ツカエナイヤツ

8/11日付で、商品部から製造部に異動になった。

ウチの会社では、会社からツカエナイと判断された人間は、みんな製造部に行かされる。そして、給料が大幅に下がる。

この世には、2種類の人間しかいない。ツカエルヤツとツカエナイヤツだ。ツカエナイと言っても、人としてツカエナイというわけではない。その業界、その職種でツカエナイだけである。例えば、プロ野球選手やプロのサッカー選手になりたい人はたくさんいる。でも、実際にプロになれる人、しかもその中で活躍できる人、ツカエル人は、ほんの一握りしかいない。多くの人は、自分がプロとしてはツカエナイと気付いて、他の道を選ぶ。そして、他の道でツカエル人として人生を歩む。ツカエルというのは、何も仕事に限ったことではない。仕事で使えなくても、夫として、または父親としてツカエル人もたくさんいるし、逆に仕事としては使えても、夫として、父親としてツカエナイ人を僕はたくさん見てきた。

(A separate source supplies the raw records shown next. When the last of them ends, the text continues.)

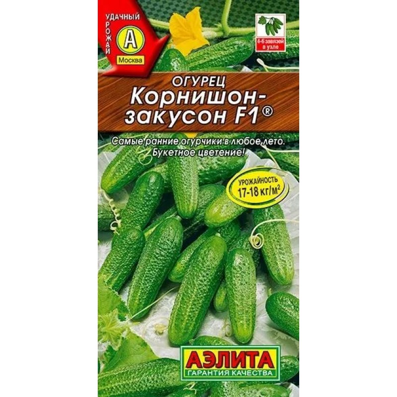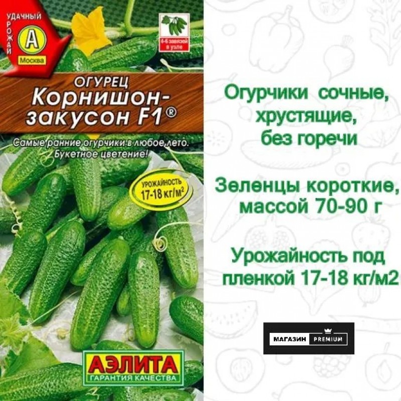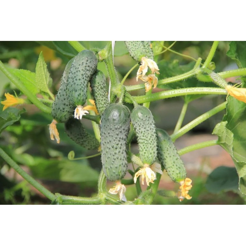 Ультраскороспелый партенокарпический гибрид с букетным типом цветения. Для пленочных укрытий и открытого грунта. Урожай начинают собирать на 38-45 день после всходов. В каждом узле закладывает до 6 завязей. Зеленцы короткие, массой 70-90 г, сочные, хрустящие, без горечи. Идеальны для соления и маринования. Гибрид устойчив к резким колебаниям температуры, что дает возможность получать ранние огурчики в любое лето. Урожайность под пленкой 17-18 кг/м2.
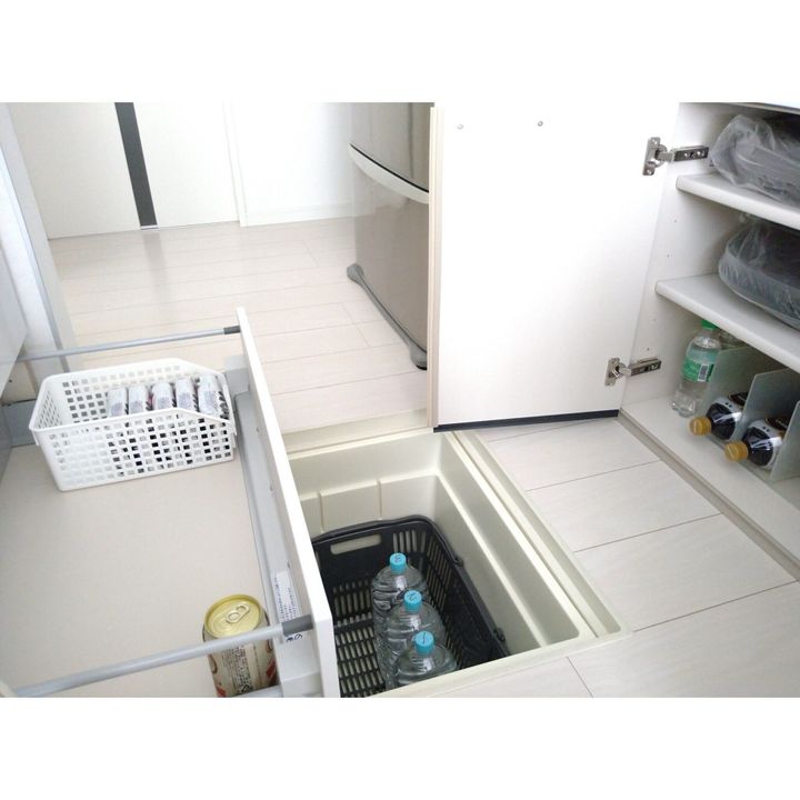 冷蔵庫に近い引出しや床下収納、カップボードに飲料ストックを収納し、冷蔵庫への補充がスムーズに。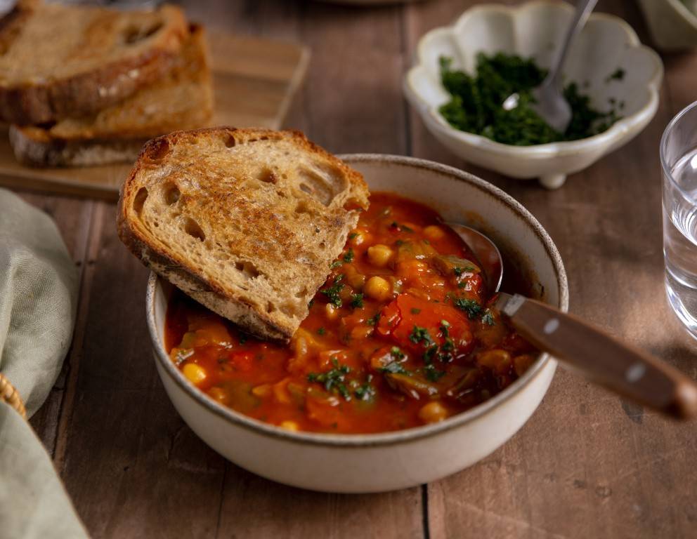 - Das Sauerteigbrot toasten und mit dem Eintopf servieren.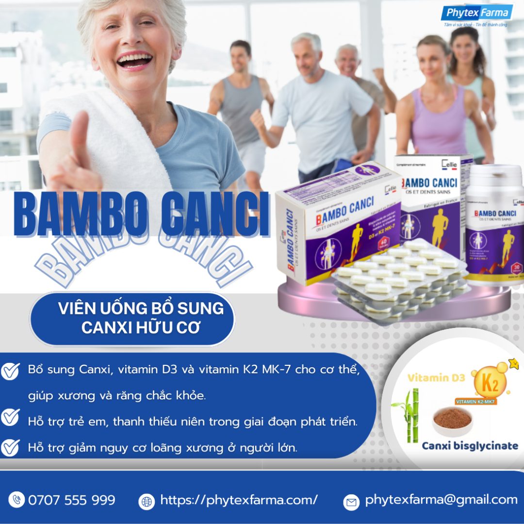 Bổ sung Bambo Canci – sản phẩm bổ sung Canxi bisglycinate từ Pháp, kết hợp Vitamin D3, K2-MK7 và chiết xuất tre (Silic) giúp: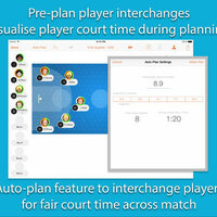• Use our AutoPlan feature to easily plan player interchanges for an entire match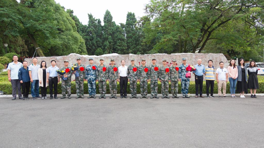晨曦已微露,男儿好出征。9月14日早7时,我校2019年第二批起运新征大学生士兵在学校大门内校名墙前完成集合,准备踏上赶赴军营的行程。入伍同学的亲人、所在学院党政负责人和辅导员班主任以及部分同学,学校武装部和宣传部有关同志参加欢送。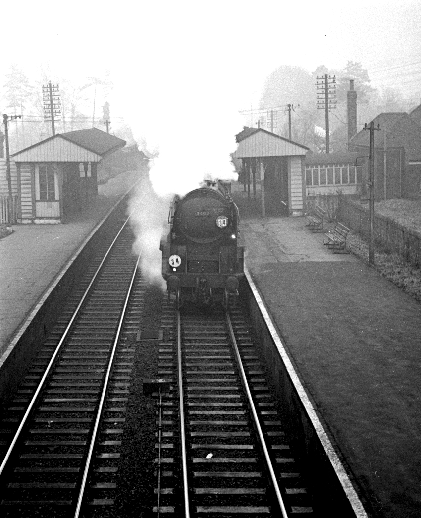 Rebuilt "West Country" Class No. 34001 "Exeter" is seen passing through non-stop in the "down" direction with a Bournemouth West service. On the right can be seen the rear of the station building and the covered walkway which links it to the covered portion of the "down" platform. On the left can just be seen the clapboard waiting shelter which backed onto the "up" side platform canopy. Those parts of the windbreak of the "up" side canopy that contain glazing are not original features, being later additions. The canopies' timber triangular end screens in this view are also of a simpler design to the originals; previously, these were akin to those still in use at New Milton. Southern Railway concrete lampposts with "Target" name signs are in evidence.s © David Glasspool Collection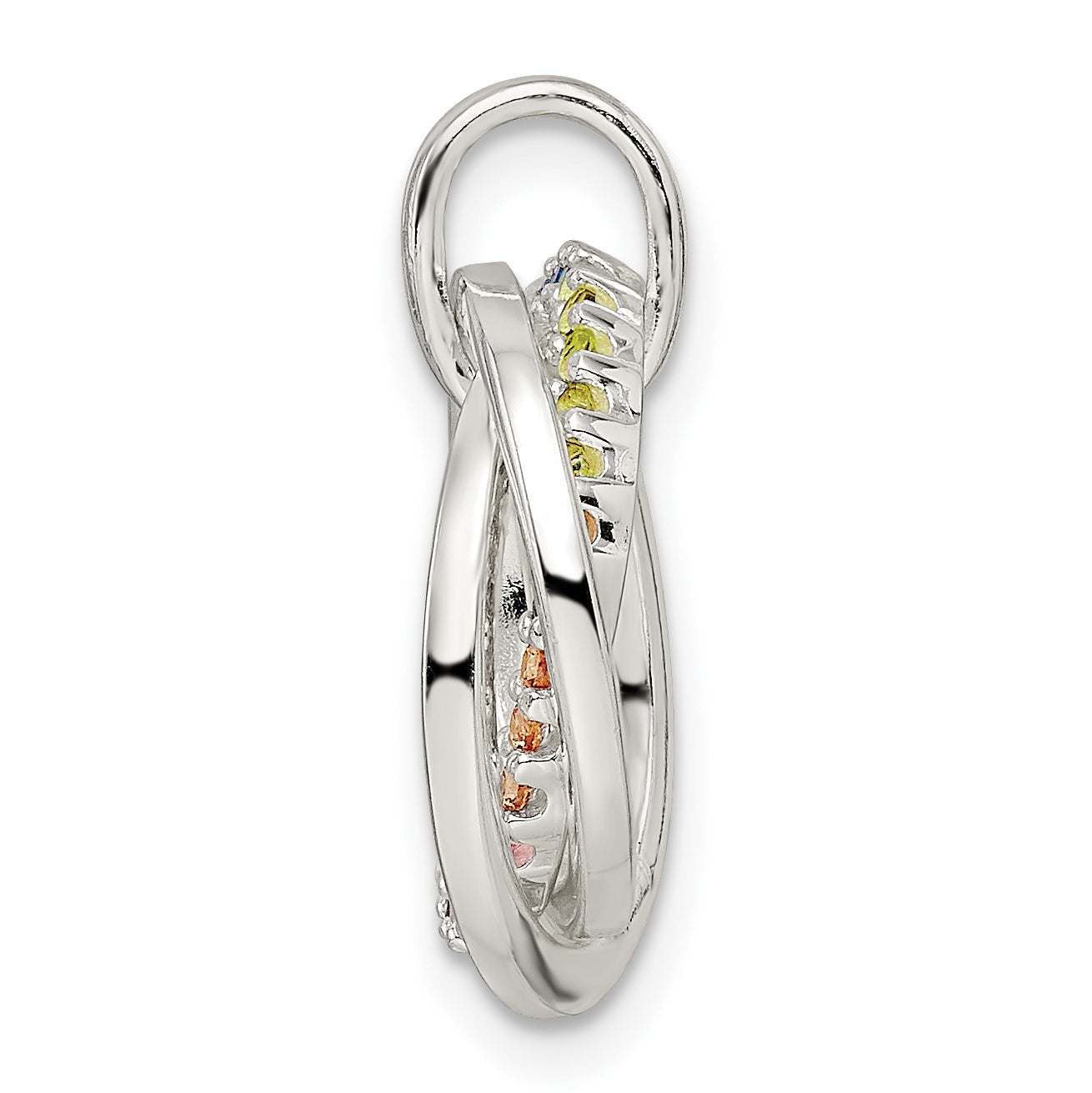 The Sterling Silver Polished Rainbow CZ Intertwined Circles Pendant adds a touch of elegance to any look. Made from pure 925 sterling silver, it boasts a polished rhodium finish that gleams with sophistication. The pendant features intertwined circles adorned with dazzling rainbow CZ stones, capturing light and attention alike. Perfectly sized at 22.5 mm in length, it's a beautiful statement piece for any occasion. The design also includes a sturdy bail, ensuring ease of wear. This women's jewelry stands out with its brilliant silver tone, making the Sterling Silver Polished Rainbow CZ Intertwined Circles Pendant a timeless treasure.

僕は小学校の頃から、勉強ができた。一浪はしたが、予備校時代に猛烈に勉強して、関西学院大学に入った。所謂、関関同立に入れたわけだが、僕はツカエタのか?いや、努力したのだ。関関同立レベルは、努力さえすれば、誰でも入れる。早慶レベルになると、努力だけの問題ではなくなる。問題は努力できるかどうかだ。そして、大学を卒業して入った企業では、営業成績はよかった。営業では負ける気がしなかった。僕はツカエタのか?いや、努力したのだ。若いうちは、努力さえすれば、成績を上げることはできる。しかし、年を重ねるにつれ、努力だけでは結果を出せなくなる。転職した輸入家具の会社で、オーダーキッチンの会社で、そして今の会社で、僕は結果を出せなかった。おまけに、10年以上前にうつ病になり、6年前には甲状腺がんで声帯が麻痺した。しかし、今思えば、これは、神様の心遣いだったのだ。なぜなら、僕はプロ野球選手になれないツカエナイ選手だったにもかかわらず、バットを振り続けていたのだから。神様は、そんな僕に、怪我や病気で夢を諦めるきっかけを作ってくれた。しかし、神様が思う以上に、僕は馬鹿だった。病気になった僕は夢を諦めるどころか、こう考えた。


「病気にならなければ、プロになれたのに!」


救いようがないとは、僕みたいな人間のことを言う。そのことに、僕は今日まで気付かなかった。今日の今日まで、僕はツカエナイことに気付かなかった。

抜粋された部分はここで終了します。